Retype the data below exactly, skipping pictures.

- _INFORMATION SUPPLIED_:

-------

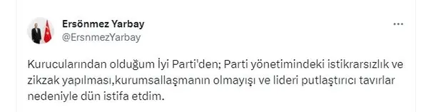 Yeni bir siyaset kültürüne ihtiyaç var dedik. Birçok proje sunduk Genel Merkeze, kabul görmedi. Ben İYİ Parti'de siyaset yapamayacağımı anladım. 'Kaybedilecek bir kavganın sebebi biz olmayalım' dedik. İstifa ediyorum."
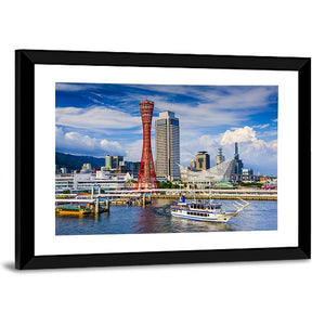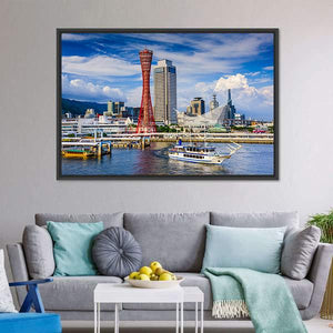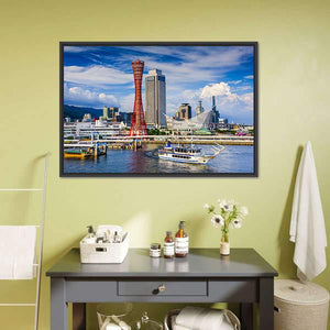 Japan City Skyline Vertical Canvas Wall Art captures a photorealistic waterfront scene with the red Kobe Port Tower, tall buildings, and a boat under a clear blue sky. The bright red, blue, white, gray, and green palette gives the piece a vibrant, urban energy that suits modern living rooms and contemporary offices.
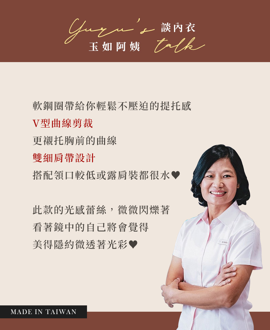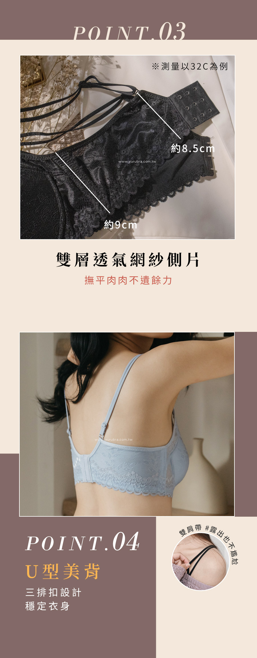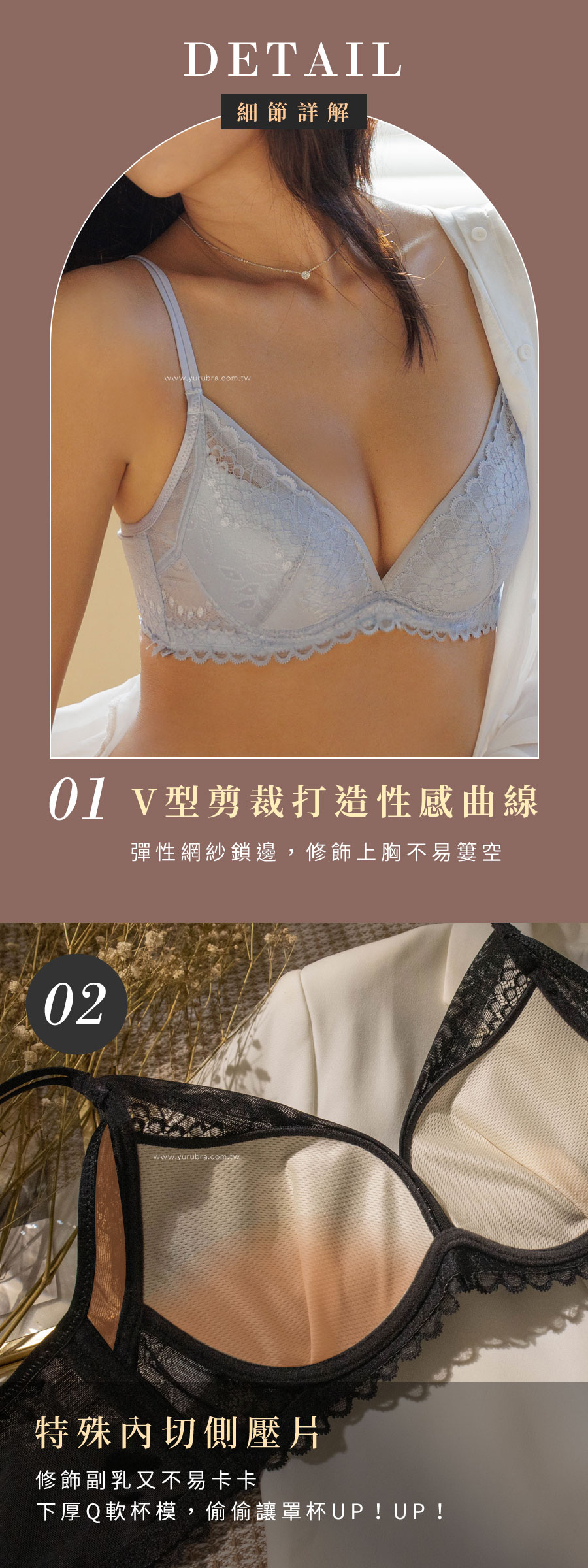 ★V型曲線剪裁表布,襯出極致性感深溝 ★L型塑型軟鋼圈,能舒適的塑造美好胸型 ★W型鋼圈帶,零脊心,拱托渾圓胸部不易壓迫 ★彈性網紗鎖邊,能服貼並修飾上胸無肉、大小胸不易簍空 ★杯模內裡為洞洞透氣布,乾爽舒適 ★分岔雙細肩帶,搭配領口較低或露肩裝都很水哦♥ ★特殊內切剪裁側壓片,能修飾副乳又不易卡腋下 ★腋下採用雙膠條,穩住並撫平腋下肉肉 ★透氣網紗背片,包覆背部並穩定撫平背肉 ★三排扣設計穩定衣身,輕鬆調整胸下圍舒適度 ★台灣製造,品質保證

-------

- _OUTPUT_:
 Yeni bir siyaset kültürüne ihtiyaç var dedik. Birçok proje sunduk Genel Merkeze, kabul görmedi. Ben İYİ Parti'de siyaset yapamayacağımı anladım. 'Kaybedilecek bir kavganın sebebi biz olmayalım' dedik. İstifa ediyorum."
 Japan City Skyline Vertical Canvas Wall Art captures a photorealistic waterfront scene with the red Kobe Port Tower, tall buildings, and a boat under a clear blue sky. The bright red, blue, white, gray, and green palette gives the piece a vibrant, urban energy that suits modern living rooms and contemporary offices.
 ★V型曲線剪裁表布,襯出極致性感深溝 ★L型塑型軟鋼圈,能舒適的塑造美好胸型 ★W型鋼圈帶,零脊心,拱托渾圓胸部不易壓迫 ★彈性網紗鎖邊,能服貼並修飾上胸無肉、大小胸不易簍空 ★杯模內裡為洞洞透氣布,乾爽舒適 ★分岔雙細肩帶,搭配領口較低或露肩裝都很水哦♥ ★特殊內切剪裁側壓片,能修飾副乳又不易卡腋下 ★腋下採用雙膠條,穩住並撫平腋下肉肉 ★透氣網紗背片,包覆背部並穩定撫平背肉 ★三排扣設計穩定衣身,輕鬆調整胸下圍舒適度 ★台灣製造,品質保證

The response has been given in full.